I find the "attractiveness" in just about anybody...

I hang out every weekend with usually the same ole friends, but the girls that hang out with us vary from time to time. The thing is no matter how good looking or ugly (ok maybe not too ugly) I find something attractive in them and I could see if some weird “stars aligning” situation comes up, I would go out with them. However, in most cases, I’m either attracted to someone else, I don’t try, they don’t like me, etc…In my case, it’s usually because they aren’t my type (even though I find them attractive in some way) or I think they think I’m not their type so I don’t even bother trying.

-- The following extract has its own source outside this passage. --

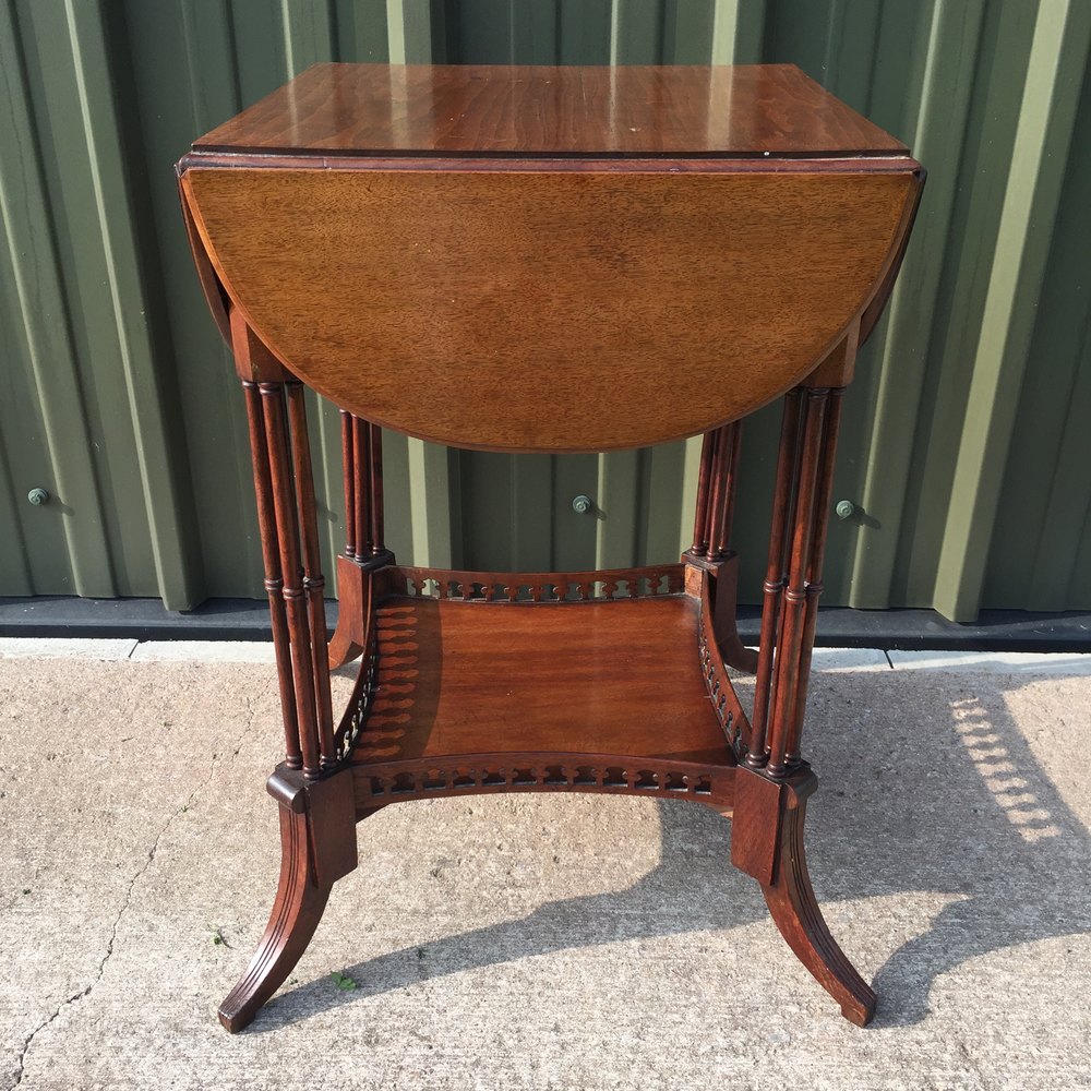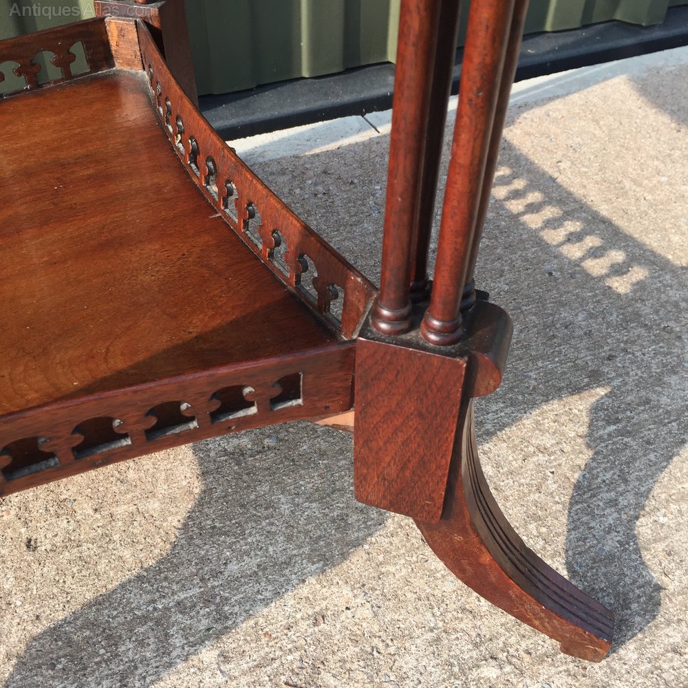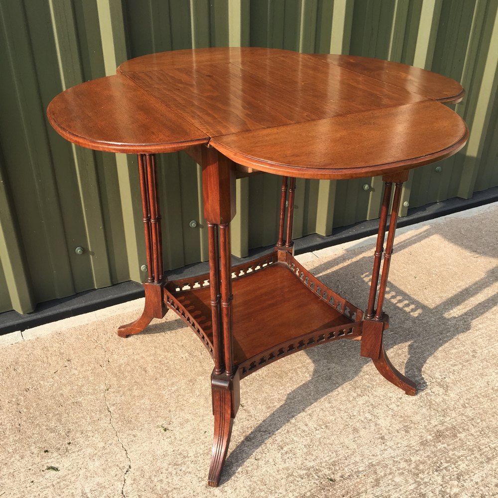 A good quality mahogany 4 flap occasional table on clustered column supports. Fretted gallery under tier. Original condition.

What I’m curious about is whether or not females (or other males or anyone else in general, so this question can be generalized for others on this board) feel the same way. I always wonder if some of the girls find me attractive in any way, or just flat out are not interested. Or am I just a horndog who tries to find anyone attractive just for the sake of maybe getting some? Do any of you girls find a guy attractive (physically, mentally, etc…) but don’t act on it for whatever other reasons (physical, mental, not your type)?

Teebone

I have always been able to find the beauty in people, physically and mentally. I come from a family of artists, and I was taught to analyze faces and draw them accordingly by my mother. So while some girls my age (19) may think, “Ugh! That guy is so ugly!” I think, “Well, not quite…he has such beautiful, wide-set eyes, fine Roman nose and chiseled jaw, full, proportionate lips…”. All of my boyfriends have been considered (by others my age) to be very lacking in the looks department, and I’ll admit they weren’t exactly Brad Pitt types, but I found the beauty in them because I was looking, and because I had learned to appreciate it.
The reason I don’t date everyone I find attractive is because I’m sort of picky when it comes to a guy’s personality, and because I am taken. Girls really do consider personality more, and the ones that value looks or money over this I find to be the ones that possess traits generally least attractive as a significant other.

Another one here able to see the beauty of others.

All too often people only find the bad/ugly parts of others. It is good to see others who are able to see the goodness of others, beyond physical beauty.

As for acting up the feeling evoked by the discovery of this beauty. It is all up to you. If you let your own qualities be known/seen, others are bound to notice. If you see qualities that draw you in. Act on them. Be friendly and explore the possibilities. Never know what you may find :slight_smile:

I’d say it’s moderately common. I’ve thought about going out with all of my friends (of all genders and orientations), and almost always been able to find some things that I found attractive about them physically. (One notable exception, but that friendship was a mistake from the beginning, as well.)

For a lot of people, I suspect the whole process goes on subconsciously, and fairly quickly. I actually deliberately think about it, even if the conclusion is, “I’d kill them before a week was out.”